Un altro Proverbio ci esorta:

«Riconoscilo in tutte le tue vie ed egli appianerà i tuoi sentieri»(Proverbi 3:6).

Sebbene il Signore Gesù abbia detto: «Io sono la via, la verità e la vita; nessuno viene al Padre se non per mezzo di me» (Giovanni 14:6), siamo andati ognuno per la nostra via. «Ma il Signore ha fatto ricadere su di Lui l'iniquità di noi tutti»: Isaia sta spiegando che, quando è morto sulla croce, Gesù stava semplicemente prendendo il vostro posto e il mio. Egli non aveva fatto niente di sbagliato, era santo, innocente, puro, separato dai peccatori. Egli era il Sostituto che l'amore di Dio aveva provveduto per la salvezza vostra e mia.

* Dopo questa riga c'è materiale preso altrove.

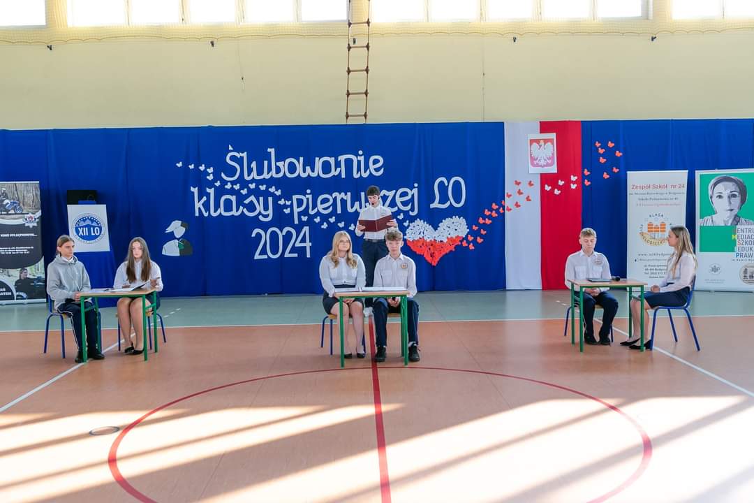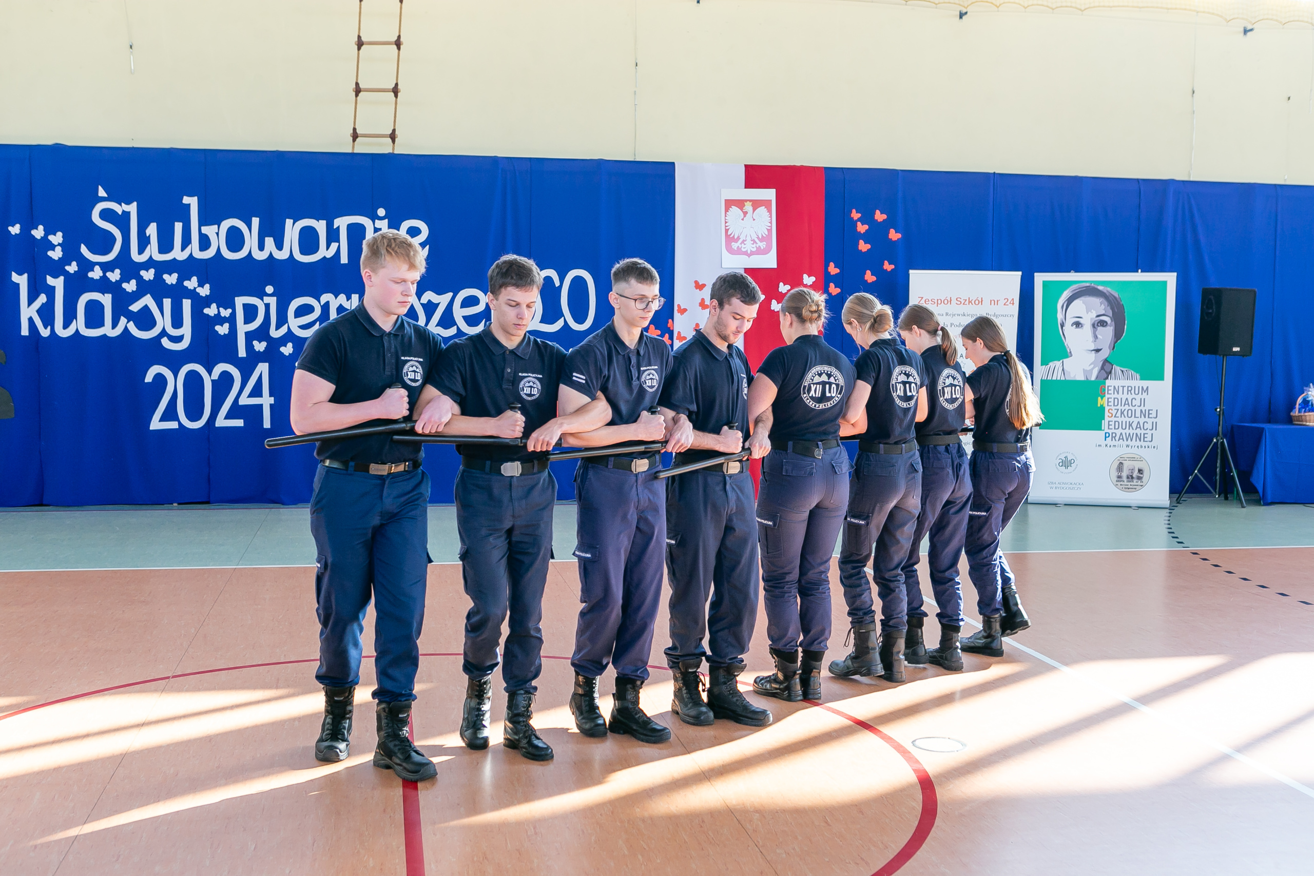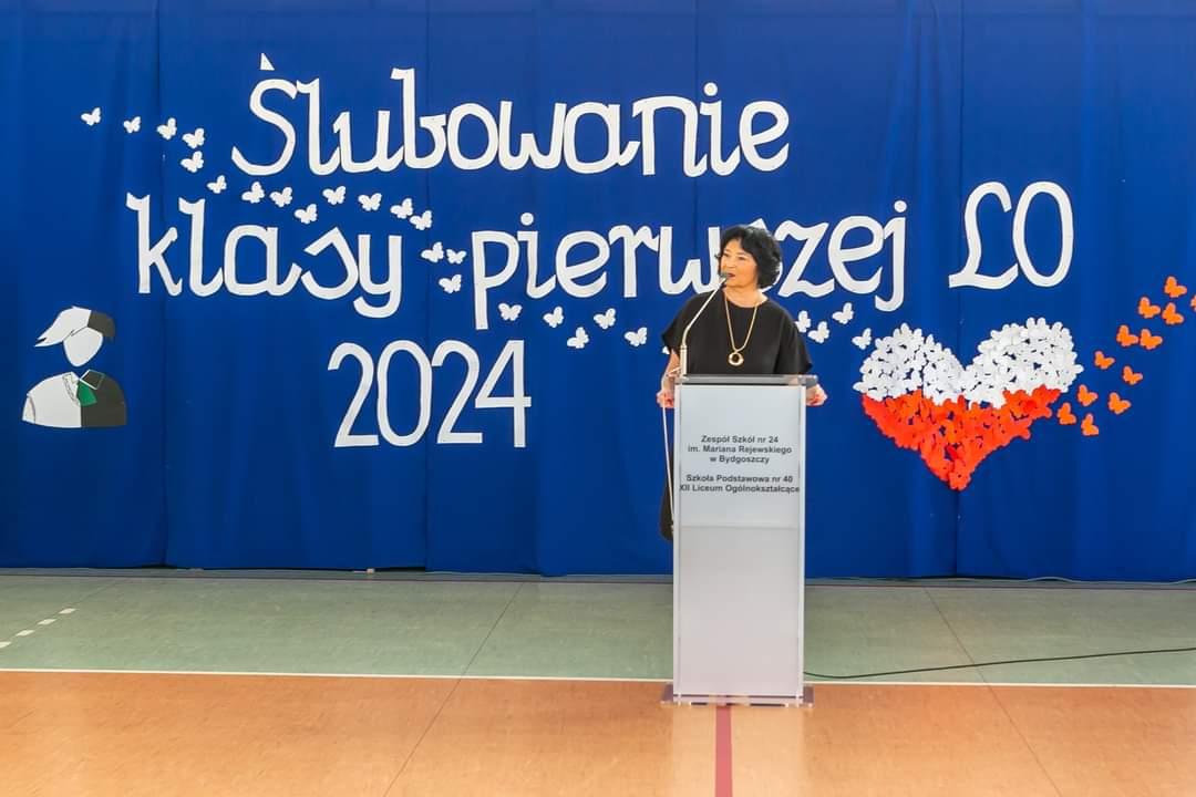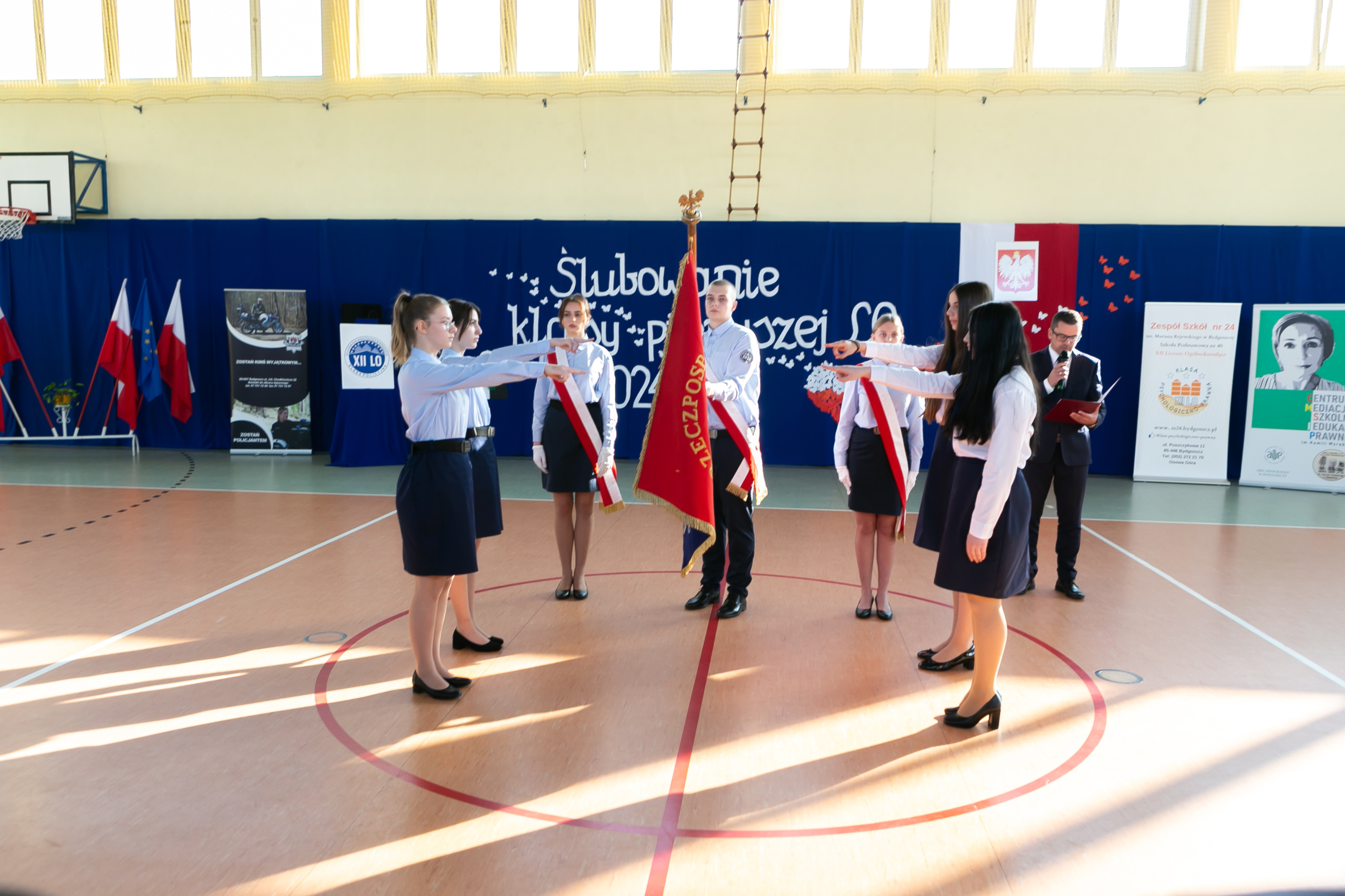 Uczniowie klas pierwszych złożyli słowa przysięgi: ,,Ja, uczeń Zespołu Szkół nr 24 ślubuję przestrzegać prawa Rzeczypospolitej Polskiej, strzec symboli narodowych, dbać o kulturę języka polskiego, rzetelnie wypełniać obowiązki ucznia, systematycznie zdobywać wiedzę, rozwijać swoje zainteresowania, przestrzegać statutu szkoły, aktywnie uczestniczyć w życiu klasy oraz godnie reprezentować szkołę.”

Sicuramente non possiamo far altro che simpatizzare con le sofferenze di Cristo sulla croce, saremmo degli insensibili se non fosse così. Però, quello che Cristo vuole da voi, non è che simpatizziate con Lui. Non è morto per conquistarsi la vostra empatia, non è morto per arruolarci in Sua difesa. Tanto è vero che, mentre era sulla via della croce e le donne di Gerusalemme piangevano per Lui, Egli disse:

«... non piangete per me, ma piangete per voi stesse e per i vostri figli ... Perché se fanno questo al legno verde, che cosa sarà fatto al secco?»
(Luca 23:28, 31).


Il primo martire Stefano morì vedendo i cieli aperti e Gesù in piedi alla destra di Dio (Atti 7:56). Ma il nostro Signore non è morto così. È morto ABBANDONATO da Dio, dicendo:

«Dio mio, Dio mio, perché mi hai abbandonato?»  (Matteo 27:46).

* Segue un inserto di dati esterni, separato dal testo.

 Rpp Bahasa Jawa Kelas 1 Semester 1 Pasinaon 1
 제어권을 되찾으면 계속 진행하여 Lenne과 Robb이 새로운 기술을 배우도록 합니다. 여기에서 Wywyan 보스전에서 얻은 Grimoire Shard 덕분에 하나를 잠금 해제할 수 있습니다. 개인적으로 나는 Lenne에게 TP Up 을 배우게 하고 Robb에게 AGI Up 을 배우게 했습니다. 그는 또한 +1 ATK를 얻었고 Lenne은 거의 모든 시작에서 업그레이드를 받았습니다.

La Sua morte è stata diversa da quella di Stefano: è morto solo - solo con i peccati del mondo su di Sé. Egli è l'Agnello di Dio che ha tolto il peccato del mondo, prendendo il nostro posto.

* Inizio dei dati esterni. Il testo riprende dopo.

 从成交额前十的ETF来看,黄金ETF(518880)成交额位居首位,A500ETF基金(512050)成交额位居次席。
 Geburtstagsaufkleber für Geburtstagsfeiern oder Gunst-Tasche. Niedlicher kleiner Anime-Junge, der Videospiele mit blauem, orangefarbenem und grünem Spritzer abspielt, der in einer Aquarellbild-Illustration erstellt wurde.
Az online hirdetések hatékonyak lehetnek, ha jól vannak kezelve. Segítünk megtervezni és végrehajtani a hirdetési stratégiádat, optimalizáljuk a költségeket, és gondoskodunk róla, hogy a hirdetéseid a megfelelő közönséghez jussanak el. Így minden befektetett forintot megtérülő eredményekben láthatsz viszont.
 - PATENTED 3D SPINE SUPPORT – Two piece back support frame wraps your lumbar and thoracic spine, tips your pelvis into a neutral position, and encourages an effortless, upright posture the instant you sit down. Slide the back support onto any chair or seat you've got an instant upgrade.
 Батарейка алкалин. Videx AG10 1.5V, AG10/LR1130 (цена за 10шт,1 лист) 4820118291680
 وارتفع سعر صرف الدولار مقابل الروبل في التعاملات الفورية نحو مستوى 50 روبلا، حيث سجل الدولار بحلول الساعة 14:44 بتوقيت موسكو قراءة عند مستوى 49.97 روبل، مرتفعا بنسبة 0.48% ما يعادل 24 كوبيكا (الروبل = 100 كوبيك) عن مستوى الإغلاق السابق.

Non possiamo chiudere le considerazioni sul libro del profeta Isaia senza presentare l’INVITO AL MONDO che troviamo nei versetti 1 e 2 di Isaia 55:

«O voi tutti che siete assetati, venite alle acque; voi che non avete denaro venite, comprate e mangiate!
Venite, comprate senza denaro, senza pagare, vino e latte!
Perché spendete denaro per ciò che non è pane e il frutto delle vostre fatiche per ciò che non sazia?
Ascoltatemi attentamente e mangerete ciò che è buono, gusterete cibi succulenti!» 
   

Questo capitolo si apre con un grido che sale dal cuore di Dio, rivolto a ogni persona perché si fermi e consideri la salvezza che Egli offre.
L'invito è limitato a una sola classe di persone, anche se potenzialmente risulta rivolto a tutti: «Voi tutti che siete assetati». Questo invito è per ogni uomo, donna e bambino sulla faccia della terra. Comprende ogni persona, qualunque sia la sua condizione di vita, lo strato della società a cui appartiene; ogni uomo, di ogni razza, tribù, lingua, condizione e colore. Tutti sono inclusi. L'invito è: «O voi tutti!», rivolto a coloro la cui sete non è stata spenta dalle cisterne costruite dall'uomo. L'invito è di bere abbondantemente e a lungo dalle fonti eterne.

L'invito è solo per chi ha sete e finché una persona non ha sete, cercherà di riempire la sua esistenza con cose che le diano sicurezza e la gratifichino.
Solo se avete sete, sarete interessati all'invito di Dio.
È l'ascolto della parola di Dio che soddisferà la vostra sete.
Vi siete mai soffermati ad ascoltare Dio? A leggere la sua Parola?
Isaia ci dice che Dio è misericordioso e pronto a perdonare. La più grande benedizione che potrete sperimentare nella vita è qualla di cercare trovare Dio, ricevere il suo perdono e quindi la vita eterna alla sua presenza.